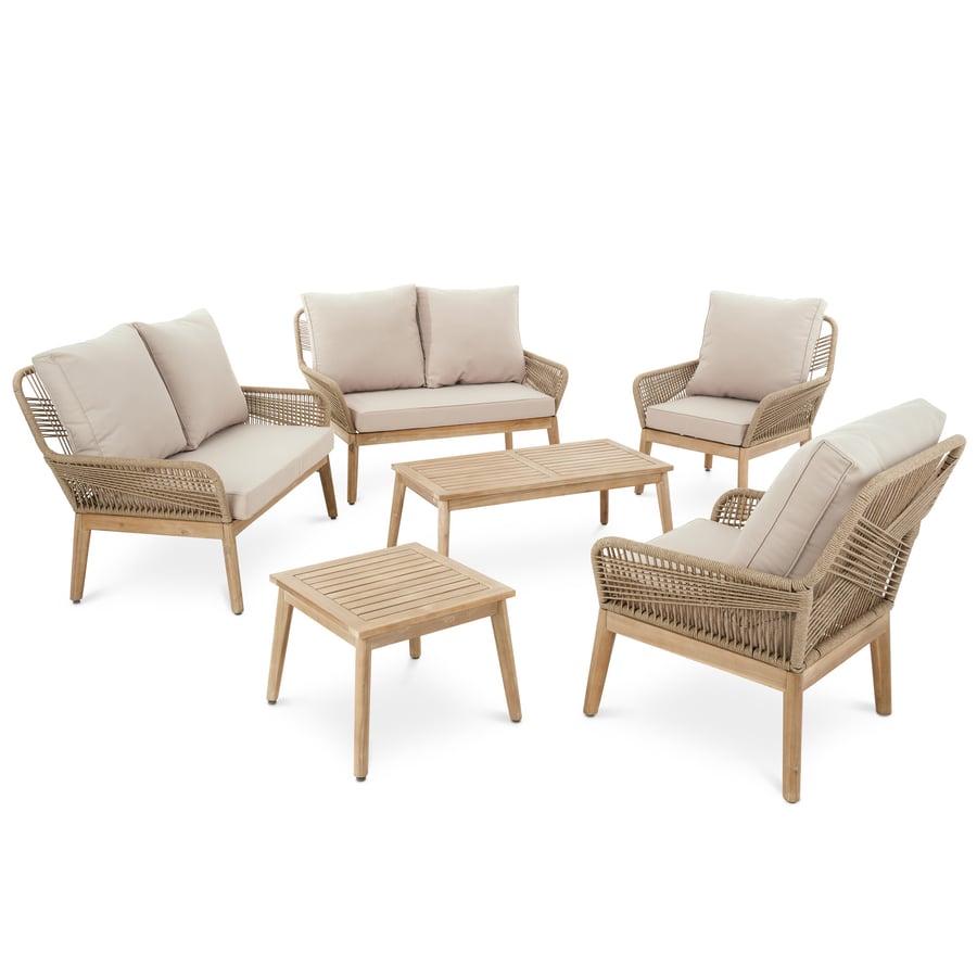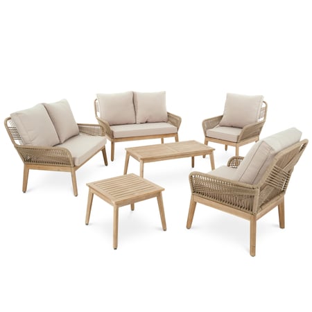 Das Gartenmöbel-Set Akaia von di volio ist eine große, umfangreiche Sitzgruppe, die sich perfekt für die Einrichtung eines Sitzbereichs im Garten oder auf der Terrasse eignet. Es bietet Platz zum Entspannen und für Familientreffen im Freien. Das Set besteht aus zwei Zweisitzer-Sofas, zwei Sesseln und zwei Couchtischen in verschiedenen Größen (klein und groß). Das Design der Möbel kombiniert moderne und langlebige Materialien wie strapazierfähige Polypropylen-Kordel und pulverbeschichteten Stahl mit einem traditionellen Rohstoff – Akazienholz. Diese harmonische Kombination aus klassischen und modernen Akzenten verleiht den Gartenmöbeln Akaia einen universellen Charakter, der sie in jeder Einrichtung gut aussehen lässt. Bequeme Kissen in einem gedämpften Beigeton vervollständigen das Set.
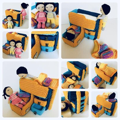 Hello our friends and amigurumi lovers around the world, we designed a fully crocheted double bed /drawer closet for two brothers (sister - brother), with fully details (beds, mattresses, bed covers, pillows, colored drawers and two dolls with 3.4” height). It is an amazing with suitable scale 1:20 that is means that each 1 m in real equal 5 cm in this pattern, such a beautiful soft crochet double bed will be an amazing gift for a little kid in different occasions. This pattern is written and designed by Reham Youssef the owner of R.Y amigurumi and please note that it is for your personal used only and it is not allowed to sharing and reselling in Internet,
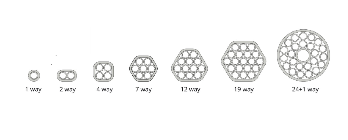 Wide range of number of inner tubes from 1 way to 24+1 way
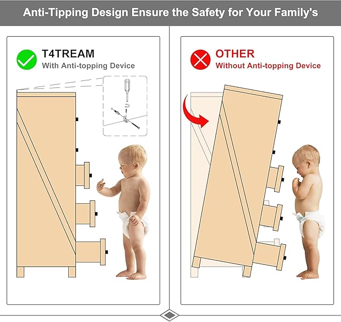 - 【Sturdy & Durable】Made from FSC-Certified wood, optimal MDF, P2 engineered wood for long term use, scratch resistant. No strong odor.The widened 2’’*2’’ dresser legs made the dresser does not slide easily, provide great durability and stability.
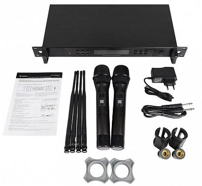 Тип: высококачественная беспроводная система True Diversity профессионального уровня с DSP и установкой в рэк, состоящая из двух микрофонов и двухканального приемника
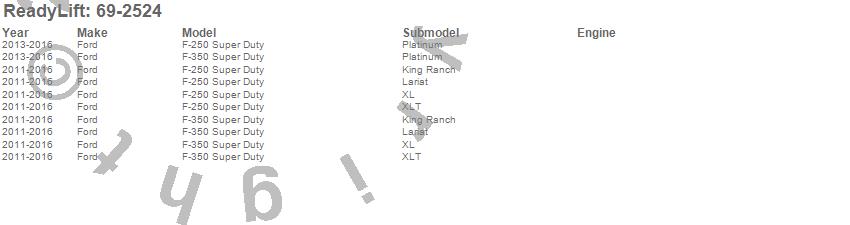 Below is an abbreviated list of applications for the SST Lift Kit.F-250 Super Duty, F-350 Super Duty, Ford, 2016, 2015, 2014, 2013, 2012, 2011
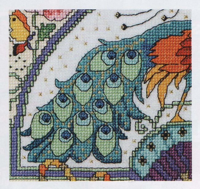 I hope that this magnificent peacock design will be a sheer joy to stitch with its palette of brightly coloured stranded cottons and metallic threads.
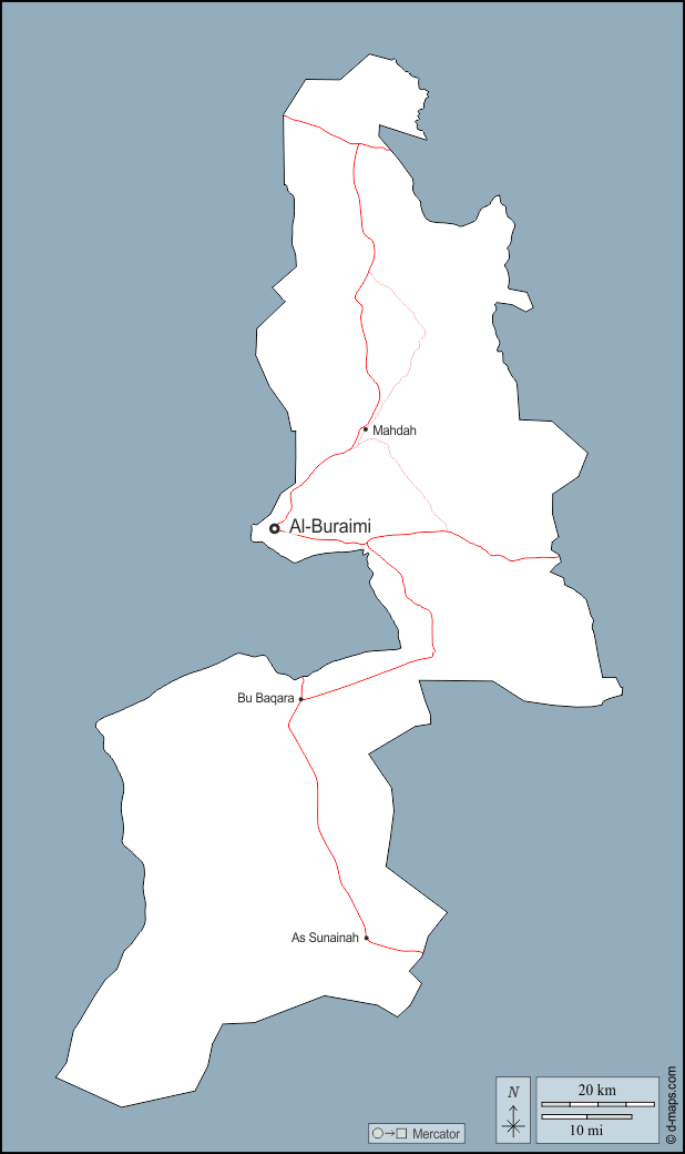 d-maps > سلطنة عمان > مُحَافَظَة ٱلْبُرَيْمِي > الخطوط العريضة, المدن الرئيسية, الطرق, أسماء
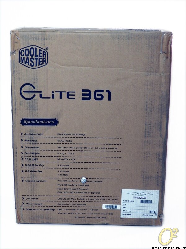 Nov 14th, 2012 | By ChrisThe Elite 361 comes in a basic, brown, corrugated box. Measuring at 21x16x8″ (l x h x w), it’s significantly smaller than the typical chassis that can house an ATX motherboard. The face of the box shows a simple, artistic view of the Elite, and the reverse goes into detail about the specifications.
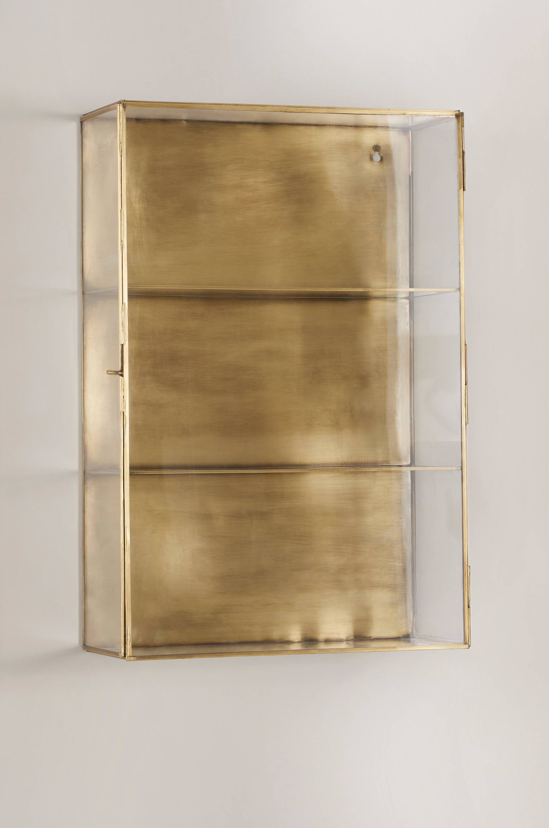 Kevyt ja kapea antiikkimessinginvärinen seinäkaappi ohutta metallia, jossa karkaistu lasi. Takaosa metallia. Lasiovi, jossa salpasuljenta. Kolme kiinteää lasihyllyä, joissa metallinen koristereuna. Mitat: Leveys 40,5 cm, korkeus 60 cm, syvyys 15,5 cm. Hyllytasojen välinen etäisyys 19 cm. Toimitetaan koottuna.
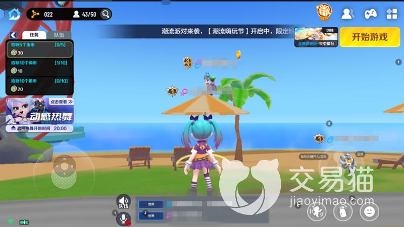 在玩家等级达到6级时,即可开启比特城场景,在比特城中包括任务和队伍两种模式,玩家可以邀请好友共同组队进行完成任务,也可以单独前往各个地点完成任务。在任务中包含拾取金币任务等,玩家可以前往比特城沙滩遮阳伞或者树顶拾取金币。
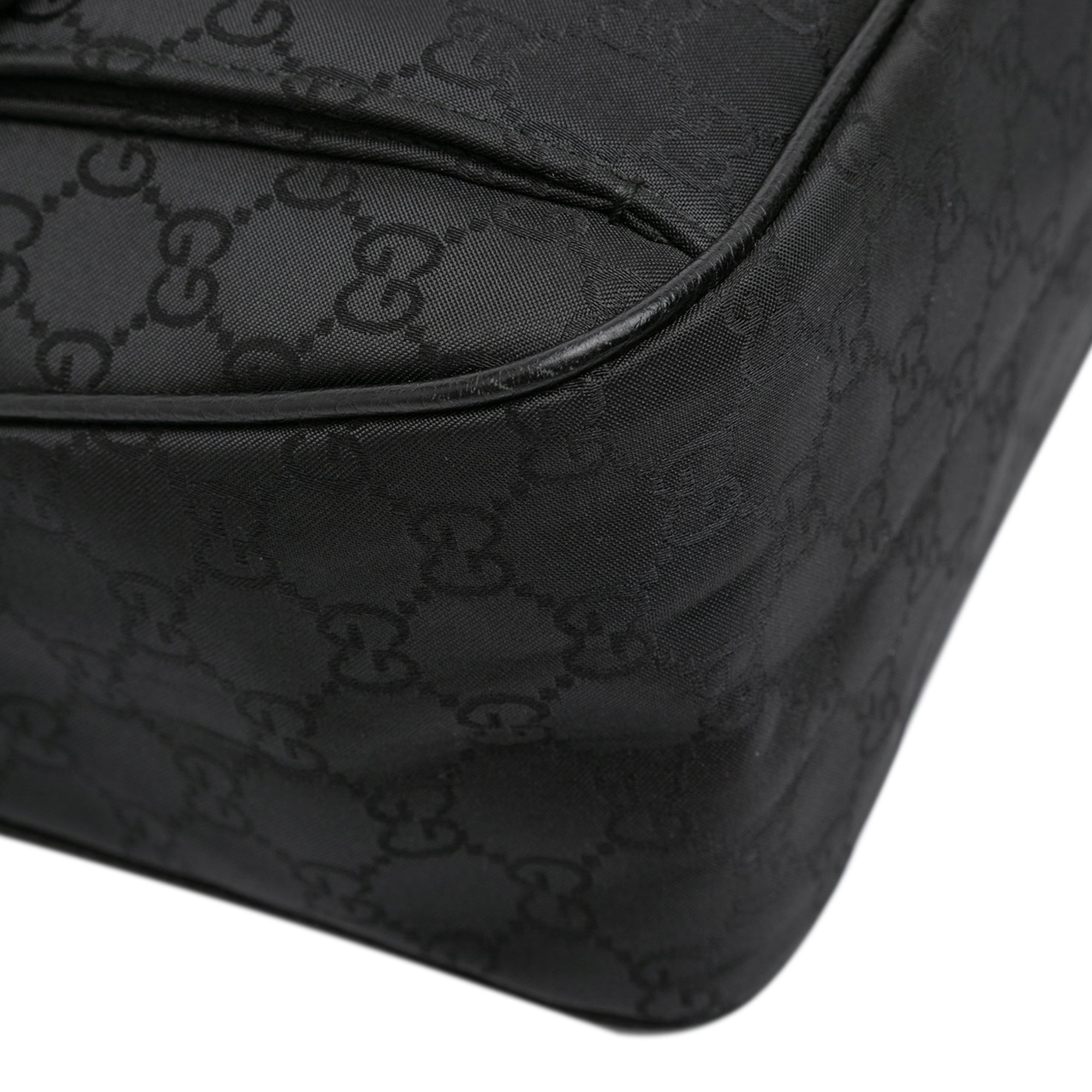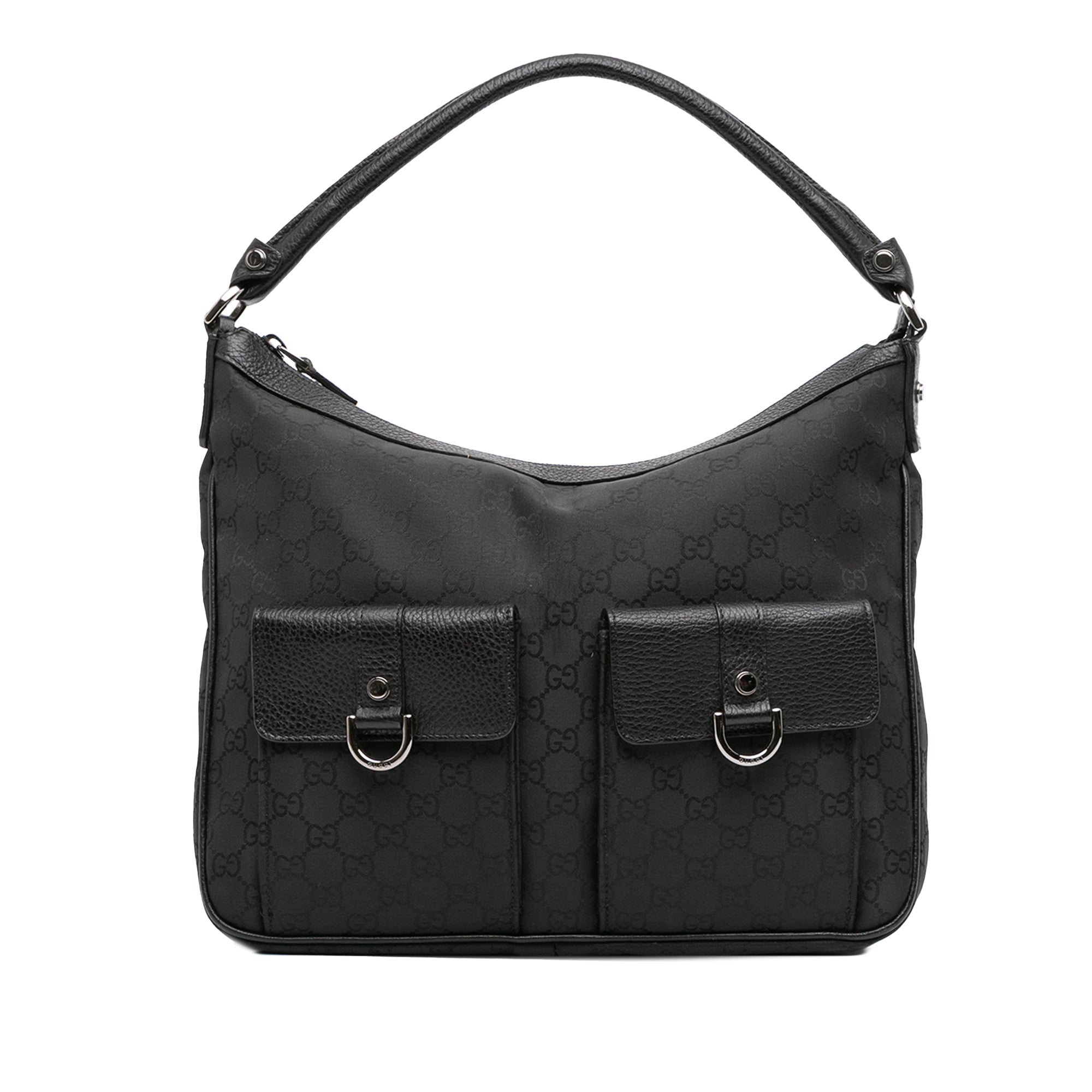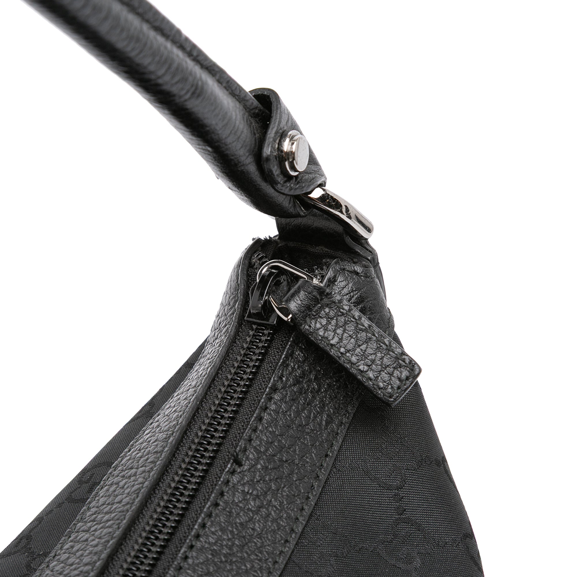 This handbag features a nylon body, rolled leather handle, a top zip closure, exterior front flap pockets, and interior zip and slip pockets. Retail Price: 1100.00
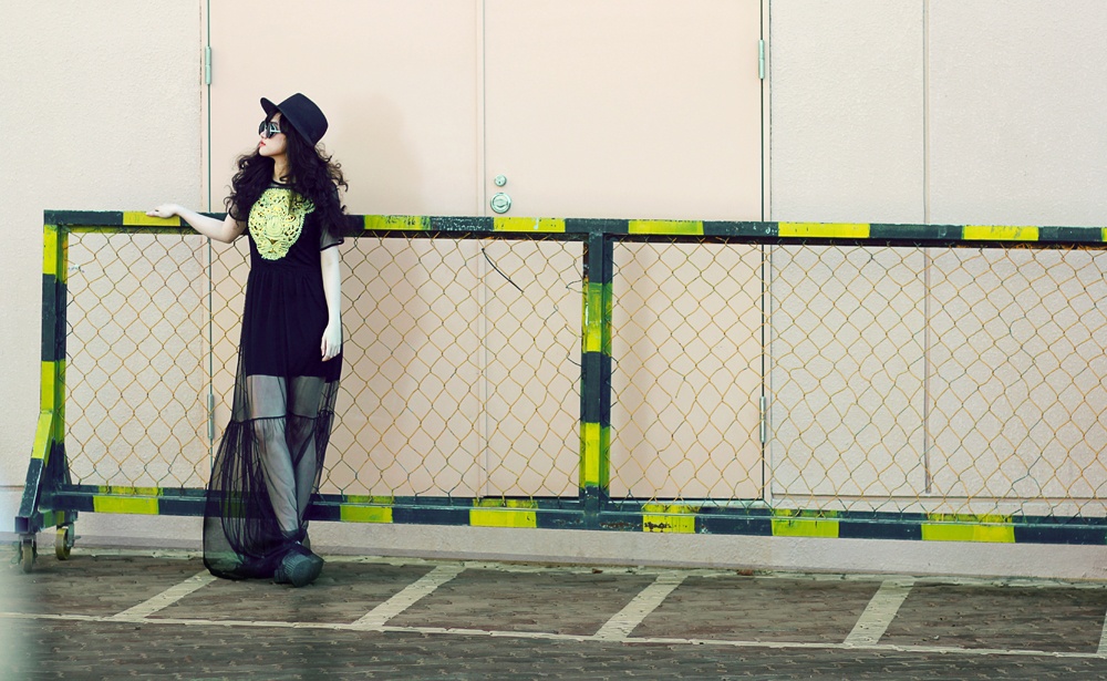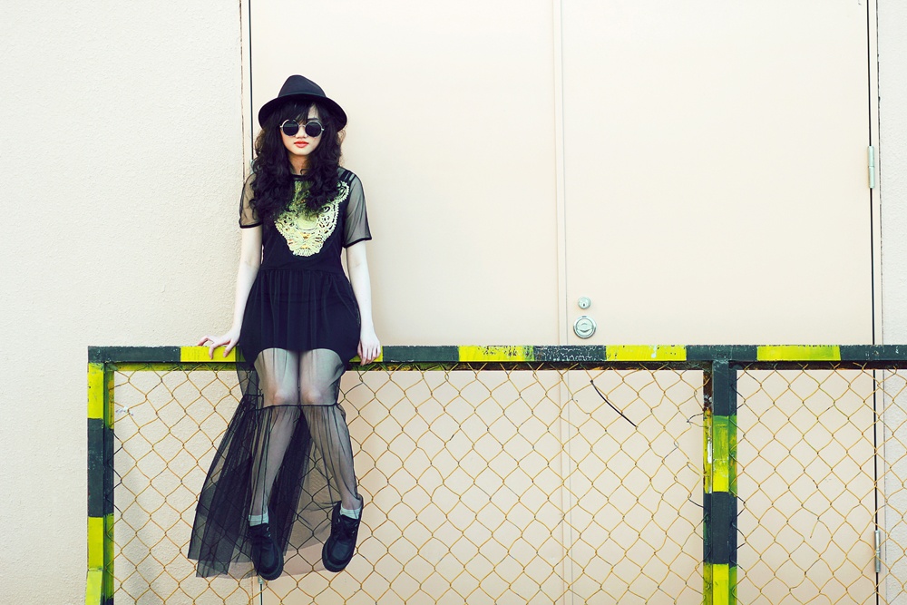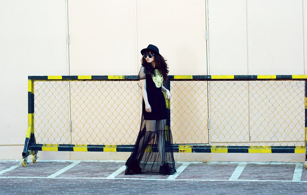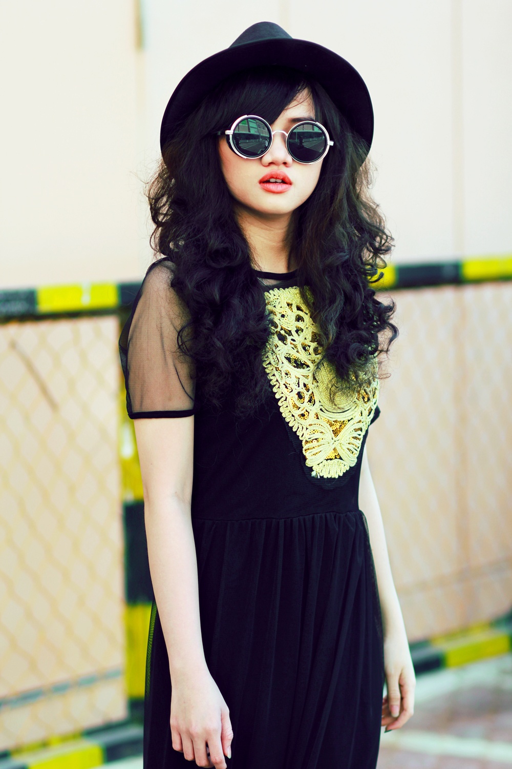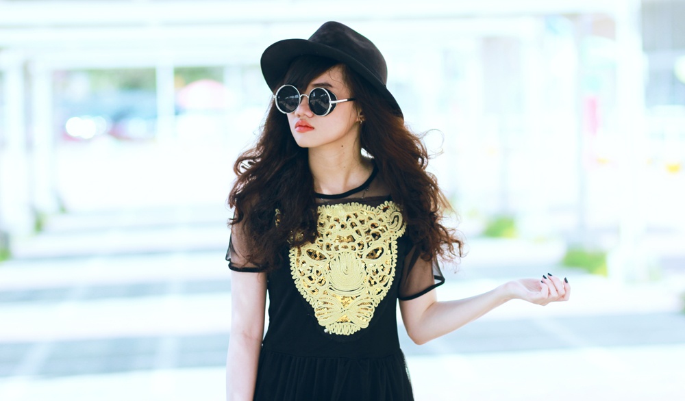 | Màu đen tiếp tục được lựa chọn để tôn nét cá tính mạnh mẽ của Hà Thư với một chiếc váy đen xuông pha sheer khác nhưng có họa tiết nổi bật. Khi kết hợp với nón fedora và phụ kiện kính mát, Hà Thư có vẻ ngoài nổi loạn, khác hẳn với hình tượng ban đầu. |
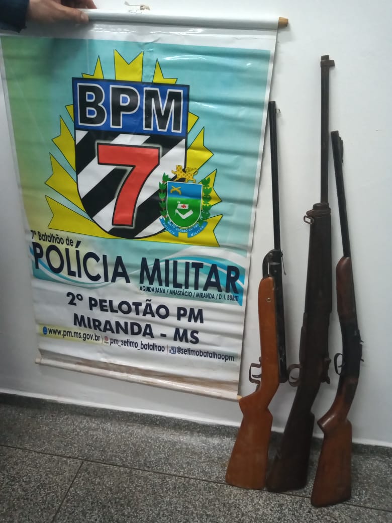 Aquidauana (MS) – Domingo, 09/05/2021, a equipe da Rádio Patrulha apreende duas armas de fogo durante atendimento de ocorrência de violência doméstica. Por volta das 19h, a equipe PM em destaque foi empenhada para atender uma ocorrência de violência

**ABOUT THIS TASK**
Each line from the first line of the listing above through the line containing "d-maps > سلطنة" is to be written out exactly, and the pictures are to be left out.

**TASK RESULT**
 Das Gartenmöbel-Set Akaia von di volio ist eine große, umfangreiche Sitzgruppe, die sich perfekt für die Einrichtung eines Sitzbereichs im Garten oder auf der Terrasse eignet. Es bietet Platz zum Entspannen und für Familientreffen im Freien. Das Set besteht aus zwei Zweisitzer-Sofas, zwei Sesseln und zwei Couchtischen in verschiedenen Größen (klein und groß). Das Design der Möbel kombiniert moderne und langlebige Materialien wie strapazierfähige Polypropylen-Kordel und pulverbeschichteten Stahl mit einem traditionellen Rohstoff – Akazienholz. Diese harmonische Kombination aus klassischen und modernen Akzenten verleiht den Gartenmöbeln Akaia einen universellen Charakter, der sie in jeder Einrichtung gut aussehen lässt. Bequeme Kissen in einem gedämpften Beigeton vervollständigen das Set.
 Hello our friends and amigurumi lovers around the world, we designed a fully crocheted double bed /drawer closet for two brothers (sister - brother), with fully details (beds, mattresses, bed covers, pillows, colored drawers and two dolls with 3.4” height). It is an amazing with suitable scale 1:20 that is means that each 1 m in real equal 5 cm in this pattern, such a beautiful soft crochet double bed will be an amazing gift for a little kid in different occasions. This pattern is written and designed by Reham Youssef the owner of R.Y amigurumi and please note that it is for your personal used only and it is not allowed to sharing and reselling in Internet,
 Wide range of number of inner tubes from 1 way to 24+1 way
 - 【Sturdy & Durable】Made from FSC-Certified wood, optimal MDF, P2 engineered wood for long term use, scratch resistant. No strong odor.The widened 2’’*2’’ dresser legs made the dresser does not slide easily, provide great durability and stability.
 Тип: высококачественная беспроводная система True Diversity профессионального уровня с DSP и установкой в рэк, состоящая из двух микрофонов и двухканального приемника
 Below is an abbreviated list of applications for the SST Lift Kit.F-250 Super Duty, F-350 Super Duty, Ford, 2016, 2015, 2014, 2013, 2012, 2011
 I hope that this magnificent peacock design will be a sheer joy to stitch with its palette of brightly coloured stranded cottons and metallic threads.
 d-maps > سلطنة عمان > مُحَافَظَة ٱلْبُرَيْمِي > الخطوط العريضة, المدن الرئيسية, الطرق, أسماء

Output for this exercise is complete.